Another example. The statement pnorm(x, m, s) in R corresponds to PDF[ NormalDistribution[m, s], x ] in Mathematica. Both evaluate the PDF of a normal random variable with mean m and standard deviation s at the point x.

It’s a matter of taste. Some people prefer terse notation, especially for things they use frequently. I’d rather type more and remember less.

Mathematica turns 20

Tuesday, July 1st, 2008

Mathematica was first released June 23, 1988. I started using Mathematica not long after it came out and used it for a few years. Then for several years after that I didn’t touch it. When I began using Mathematica again several years after that, like Rip Van Winkle, I’d find many things had changed while I was gone. Instead, I was pleasantly surprised how easy it was to start using it again.
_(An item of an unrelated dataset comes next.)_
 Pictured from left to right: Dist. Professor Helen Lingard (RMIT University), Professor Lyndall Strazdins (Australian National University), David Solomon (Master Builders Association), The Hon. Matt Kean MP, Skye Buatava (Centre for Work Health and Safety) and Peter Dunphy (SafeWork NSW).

Mathematica syntax is simple, consistent, and predictable. They got this right twenty years ago and stuck to it. They’ve managed to grow over the years without alienating users, even those of us who take a long hiatus from using the product. I’ve used Mathematica more or less regularly over the last few years, but I’ll still go for weeks at a time without using it. It’s easy to pick up every time I return to it. (The opposite of my experience with Perl.)
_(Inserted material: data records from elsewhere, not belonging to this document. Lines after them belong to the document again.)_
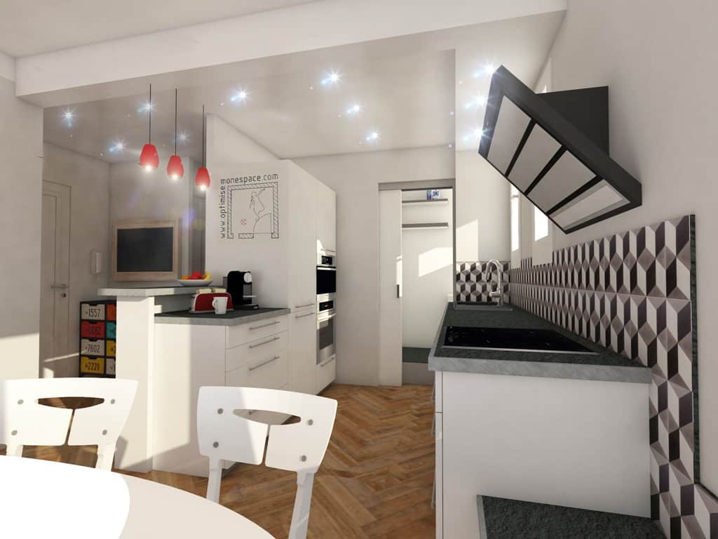 La cuisine et le salon se situant aux opposés de l’appartement, il était nécessaire de rendre l’habitation plus contemporaine en rapprochant ces 2 pièces et en les ouvrant l’une sur l’autre.
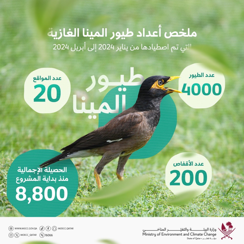 Doha, Qatar: The Ministry of Environment and Climate Change (MoECC) has taken decisive action against the invasive Myna bird population, reporting the trapping of approximately 8,800 birds as part of its strategy to preserve the country’s ecological balance.
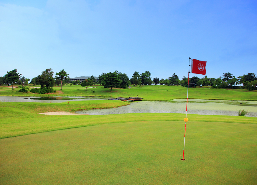 距離が短めな池超えのショートホール。風と2段グリーンの傾斜に注意。

Monitoring legacy code that fails silently

Tuesday, June 24th, 2008

Clift Norris and I just posted an article on CodeProject entitled Monitoring Unreliable Scheduled Tasks about some software Clift wrote to resolve problems we had calling some legacy software that would fail silently. His software adds from the outside monitoring and logging functions that better software would have provided on the inside.

The monitoring and logging software, called RunAndWait, kicks off a child process and waits a specified amount of time for the process to complete. If the child does not complete in time, a list of people are notified by email. The software also checks return codes and writes all its activity to a log.

RunAndWait is a simple program, but it has proven very useful over the last year and a half since it was written. We use RunAndWait in combination with PowerShell for scheduling our nightly processes to interact with the legacy system. Since PowerShell has verbose error reporting, calling RunAndWait from PowerShell rather than from cmd.exe gives additional protection against possible silent failures.

Managing passwords II

Monday, June 16th, 2008

PasswordMaker is a clever solution to the problem of managing passwords. Instead of storing passwords for each web site, you use their software to generate a unique password for each site. The idea is quite simple: use a master password and a one-way hash function to turn the URL of a site into the password for that site. For each site, this generates the same password each time. Each site has a different password, but you only have one password to remember.

You don’t have to use the URL. You can come up with any string you want to identify a context where you need a password. But the URL is a natural choice.

The software comes in many variations: browser-based, command line, etc.

Managing passwords

Friday, May 23rd, 2008

When everything you do requires a different password, how do you keep up with them all? The most common solution is to use the same username and password in as many contexts as possible. Not only is this ill-advised, it’s not all that practical. Maybe someone else is using your favorite username. Maybe your favorite password is too short or too long for some contexts, etc. So you end up with dozens of minor variations on a preferred username/password pair.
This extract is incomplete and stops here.